With more people spending more time at home—watching Netflix, gaming, making calls, checking the internet—they place more demand on network gateways that were not designed to handle the load. If schools are closed and the kids are home, that only adds to the load.

Typically, when a carrier’s network becomes overwhelmed it  has sharing agreements with other providers to pick up the load. But, if those providers also are experiencing high-demand, they will be unable to handle the extra traffic.

SEE: Amazon halts all employee travel, Nike closes Oregon campus (TechRepublic)

“So there’s a kind of a waterfall effect,” Palmer said. “If there are capacity crunches on the network, the next path is chosen, and then the next path, until a free gateway is found. Because of this change, capacity strains are found in different areas, and international calls are finding different ways out of the country using different appliances. It’s a struggle for the network to adjust to any significant change in demand pattern.”

Another issue is maintenance. With localized quarantines in effect, equipment failures in those regions may not be fixed quickly.
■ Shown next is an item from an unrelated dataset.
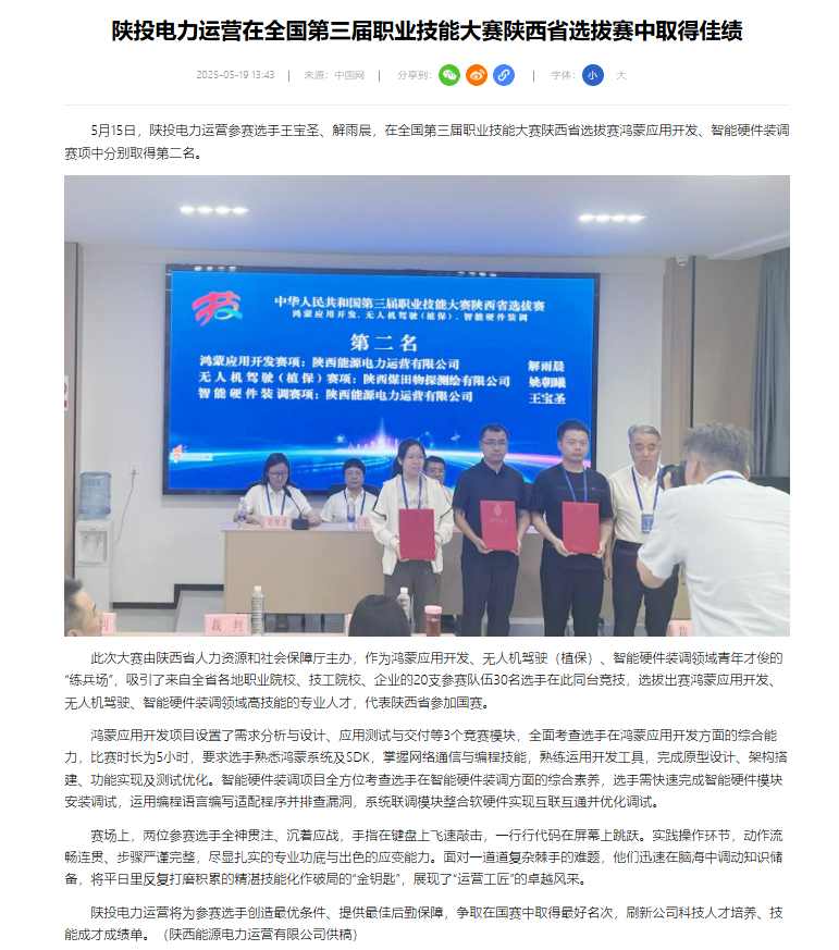5月15日,陜投電力運(yùn)營(yíng)參賽選手王寶圣、解雨晨,在全國(guó)第三屆職業(yè)技能大賽陜西省選拔賽鴻蒙應(yīng)用開發(fā)、智能硬件裝調(diào)賽項(xiàng)中分別取得第二名。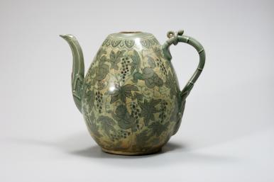 청자상감 포도동자문 주전자, 고려, 높이: 19.7cm, 몸통지름: 24cm, 국립중앙박물관 소장

Unlike China, which has a lot of telecom engineers at the ready to address network quality and downtime issues, other areas of the world like countries in Africa may not be so well staffed, Palmer said. This could lead to these areas being slower to recover should quarantines go into effect.

As of this weekend, Palmer said call quality in both China and South Korea have improved but Spearline chalks this up to reduced demand.

“China has stabilized quite well,” Palmer said. “Though still at a lesser performance than pre-event. South Korea’s performance is somewhat more volatile with a more saw-tooth curve.”